Abstract:This paper focuses on the research of micro-expression recognition (MER) and proposes a flexible and reliable deep learning method called learning to rank onset-occurring-offset representations (LTR3O). The LTR3O method introduces a dynamic and reduced-size sequence structure known as 3O, which consists of onset, occurring, and offset frames, for representing micro-expressions (MEs). This structure facilitates the subsequent learning of ME-discriminative features. A noteworthy advantage of the 3O structure is its flexibility, as the occurring frame is randomly extracted from the original ME sequence without the need for accurate frame spotting methods.
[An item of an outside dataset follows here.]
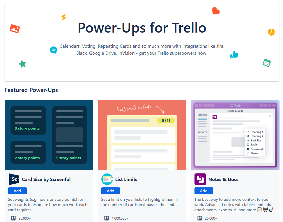 Trello’s “Power-Ups” system enables users to integrate the platform with a wide variety of third-party tools.

Based on the 3O structures, LTR3O generates multiple 3O representation candidates for each ME sample and incorporates well-designed modules to measure and calibrate their emotional expressiveness. This calibration process ensures that the distribution of these candidates aligns with that of macro-expressions (MaMs) over time. Consequently, the visibility of MEs can be implicitly enhanced, facilitating the reliable learning of more discriminative features for MER. Extensive experiments were conducted to evaluate the performance of LTR3O using three widely-used ME databases: CASME II, SMIC, and SAMM. The experimental results demonstrate the effectiveness and superior performance of LTR3O, particularly in terms of its flexibility and reliability, when compared to recent state-of-the-art MER methods.